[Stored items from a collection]
--------------------------------

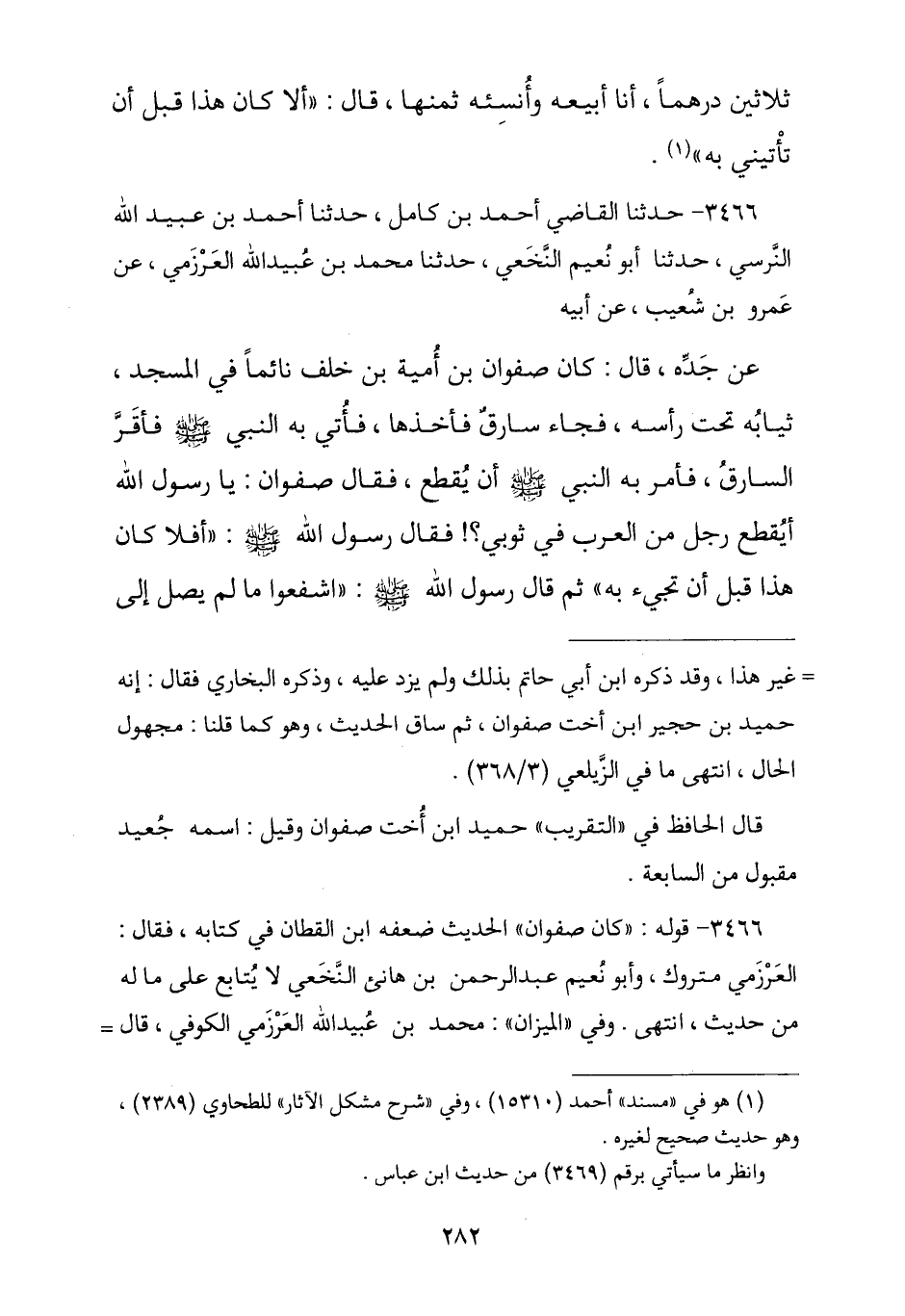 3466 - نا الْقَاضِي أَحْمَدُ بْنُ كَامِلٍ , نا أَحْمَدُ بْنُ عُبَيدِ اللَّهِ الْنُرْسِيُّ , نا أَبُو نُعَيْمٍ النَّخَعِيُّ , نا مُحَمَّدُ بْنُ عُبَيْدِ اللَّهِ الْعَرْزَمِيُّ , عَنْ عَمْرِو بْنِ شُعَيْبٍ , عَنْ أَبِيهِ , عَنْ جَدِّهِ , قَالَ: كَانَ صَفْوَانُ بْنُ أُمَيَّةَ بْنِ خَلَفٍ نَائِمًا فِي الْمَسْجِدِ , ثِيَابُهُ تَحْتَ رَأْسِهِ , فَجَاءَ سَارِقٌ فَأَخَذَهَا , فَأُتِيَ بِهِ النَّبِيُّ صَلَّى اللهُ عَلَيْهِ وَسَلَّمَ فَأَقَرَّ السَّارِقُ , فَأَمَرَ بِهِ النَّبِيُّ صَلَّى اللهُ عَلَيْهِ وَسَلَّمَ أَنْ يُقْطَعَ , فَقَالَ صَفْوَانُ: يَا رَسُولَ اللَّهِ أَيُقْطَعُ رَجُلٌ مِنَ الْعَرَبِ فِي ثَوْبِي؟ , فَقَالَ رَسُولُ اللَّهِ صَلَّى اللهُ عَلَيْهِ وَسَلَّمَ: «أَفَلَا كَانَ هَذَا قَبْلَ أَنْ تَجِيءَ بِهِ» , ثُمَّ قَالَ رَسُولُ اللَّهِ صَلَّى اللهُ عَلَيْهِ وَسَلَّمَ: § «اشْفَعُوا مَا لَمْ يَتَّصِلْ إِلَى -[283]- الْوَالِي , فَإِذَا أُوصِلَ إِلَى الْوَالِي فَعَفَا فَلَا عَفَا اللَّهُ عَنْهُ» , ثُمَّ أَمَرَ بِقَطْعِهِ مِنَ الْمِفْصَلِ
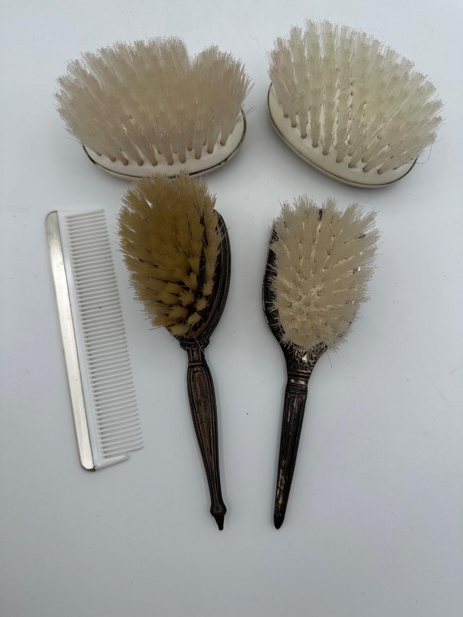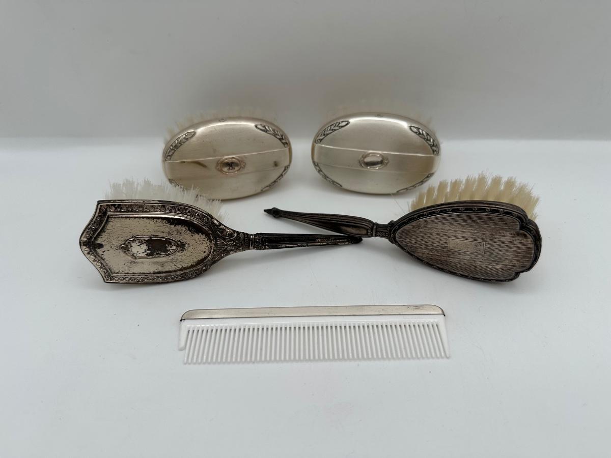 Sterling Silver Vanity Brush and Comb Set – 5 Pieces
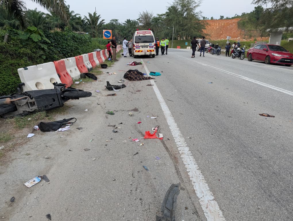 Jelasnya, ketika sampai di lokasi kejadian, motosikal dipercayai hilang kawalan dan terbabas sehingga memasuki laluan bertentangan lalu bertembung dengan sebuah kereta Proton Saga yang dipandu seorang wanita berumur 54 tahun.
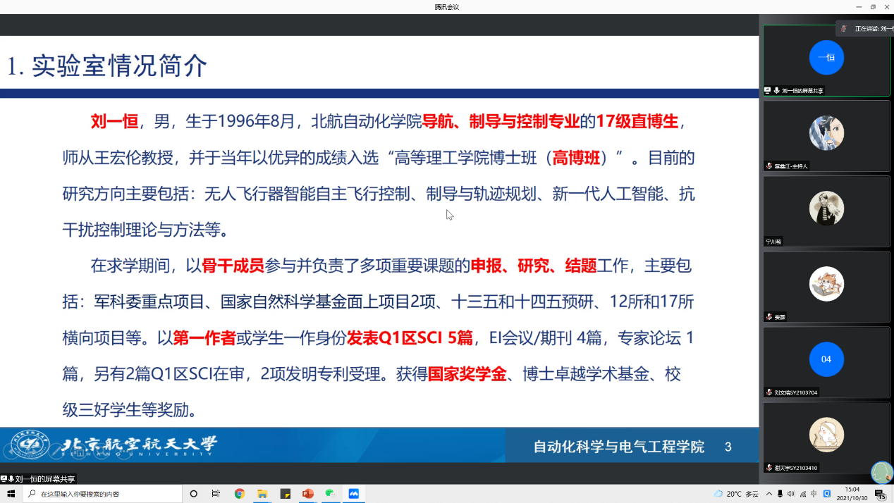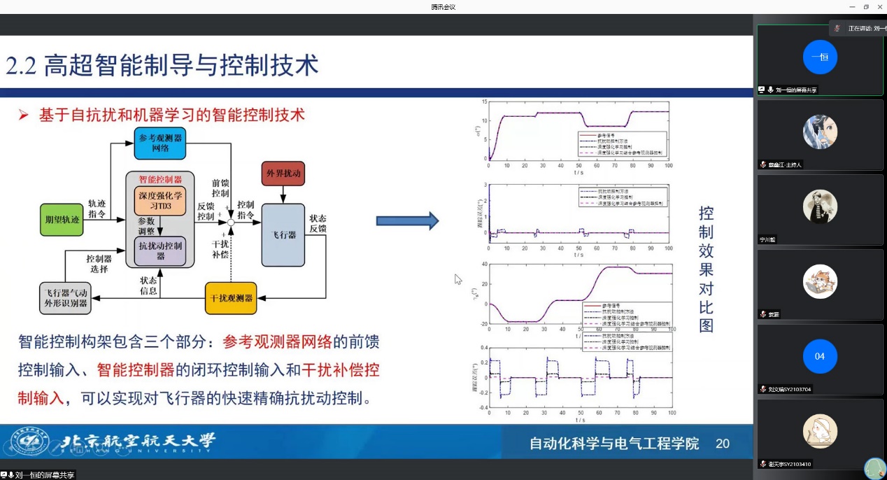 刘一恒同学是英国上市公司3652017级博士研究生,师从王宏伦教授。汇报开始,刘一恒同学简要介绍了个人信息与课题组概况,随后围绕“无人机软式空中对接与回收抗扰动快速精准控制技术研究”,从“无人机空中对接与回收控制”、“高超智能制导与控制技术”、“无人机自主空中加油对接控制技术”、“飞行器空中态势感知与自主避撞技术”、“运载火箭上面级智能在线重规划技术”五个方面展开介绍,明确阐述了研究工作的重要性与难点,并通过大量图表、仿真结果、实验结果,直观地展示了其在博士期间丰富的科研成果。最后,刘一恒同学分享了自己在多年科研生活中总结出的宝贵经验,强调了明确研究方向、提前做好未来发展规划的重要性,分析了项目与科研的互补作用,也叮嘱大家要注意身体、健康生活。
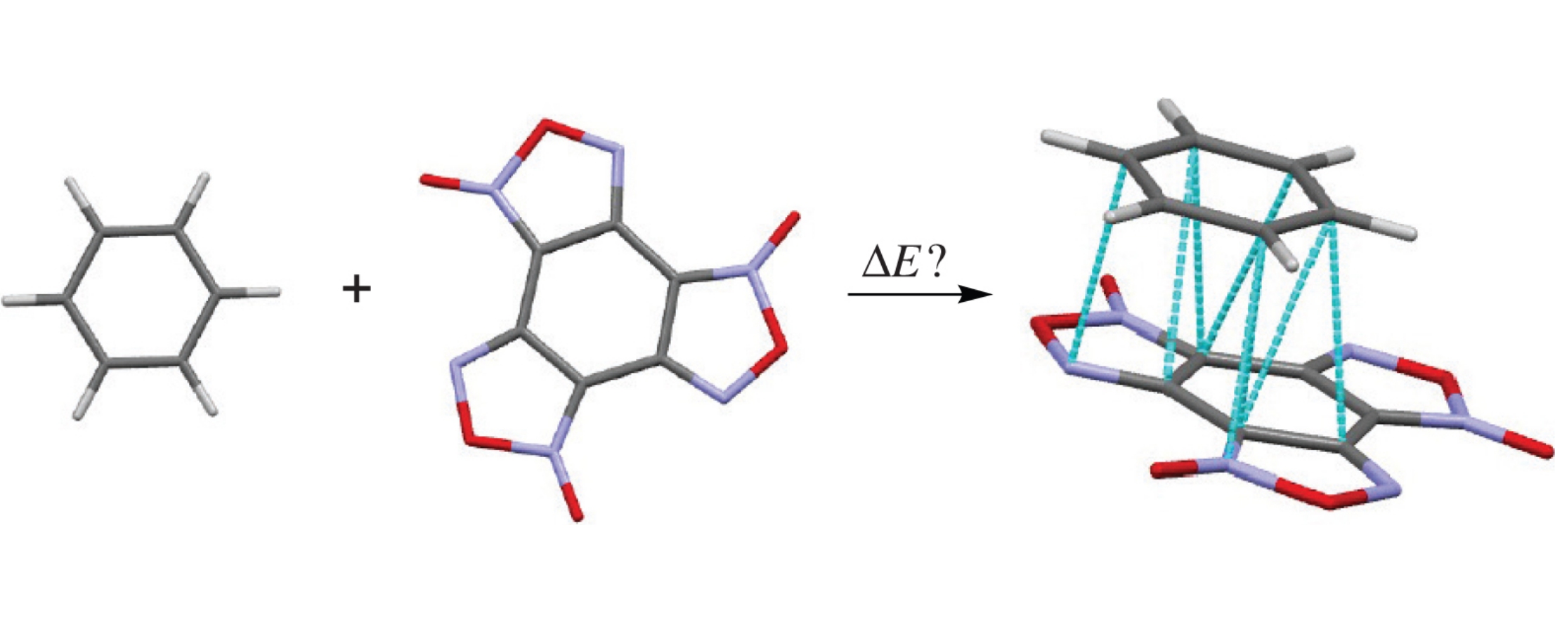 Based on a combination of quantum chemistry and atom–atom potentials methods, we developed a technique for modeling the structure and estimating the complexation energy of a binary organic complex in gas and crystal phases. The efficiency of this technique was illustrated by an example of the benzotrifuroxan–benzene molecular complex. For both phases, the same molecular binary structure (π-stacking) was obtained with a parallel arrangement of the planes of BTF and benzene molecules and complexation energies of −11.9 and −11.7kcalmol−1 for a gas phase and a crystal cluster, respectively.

--------------------------------

- _EXERCISE_:
Without the pictures, copy the entries from their first line through the line containing "Sterling Silver Vanity", and only those lines.

- _SOLUTION FOR THIS PROBLEM_:
 3466 - نا الْقَاضِي أَحْمَدُ بْنُ كَامِلٍ , نا أَحْمَدُ بْنُ عُبَيدِ اللَّهِ الْنُرْسِيُّ , نا أَبُو نُعَيْمٍ النَّخَعِيُّ , نا مُحَمَّدُ بْنُ عُبَيْدِ اللَّهِ الْعَرْزَمِيُّ , عَنْ عَمْرِو بْنِ شُعَيْبٍ , عَنْ أَبِيهِ , عَنْ جَدِّهِ , قَالَ: كَانَ صَفْوَانُ بْنُ أُمَيَّةَ بْنِ خَلَفٍ نَائِمًا فِي الْمَسْجِدِ , ثِيَابُهُ تَحْتَ رَأْسِهِ , فَجَاءَ سَارِقٌ فَأَخَذَهَا , فَأُتِيَ بِهِ النَّبِيُّ صَلَّى اللهُ عَلَيْهِ وَسَلَّمَ فَأَقَرَّ السَّارِقُ , فَأَمَرَ بِهِ النَّبِيُّ صَلَّى اللهُ عَلَيْهِ وَسَلَّمَ أَنْ يُقْطَعَ , فَقَالَ صَفْوَانُ: يَا رَسُولَ اللَّهِ أَيُقْطَعُ رَجُلٌ مِنَ الْعَرَبِ فِي ثَوْبِي؟ , فَقَالَ رَسُولُ اللَّهِ صَلَّى اللهُ عَلَيْهِ وَسَلَّمَ: «أَفَلَا كَانَ هَذَا قَبْلَ أَنْ تَجِيءَ بِهِ» , ثُمَّ قَالَ رَسُولُ اللَّهِ صَلَّى اللهُ عَلَيْهِ وَسَلَّمَ: § «اشْفَعُوا مَا لَمْ يَتَّصِلْ إِلَى -[283]- الْوَالِي , فَإِذَا أُوصِلَ إِلَى الْوَالِي فَعَفَا فَلَا عَفَا اللَّهُ عَنْهُ» , ثُمَّ أَمَرَ بِقَطْعِهِ مِنَ الْمِفْصَلِ
 Sterling Silver Vanity Brush and Comb Set – 5 Pieces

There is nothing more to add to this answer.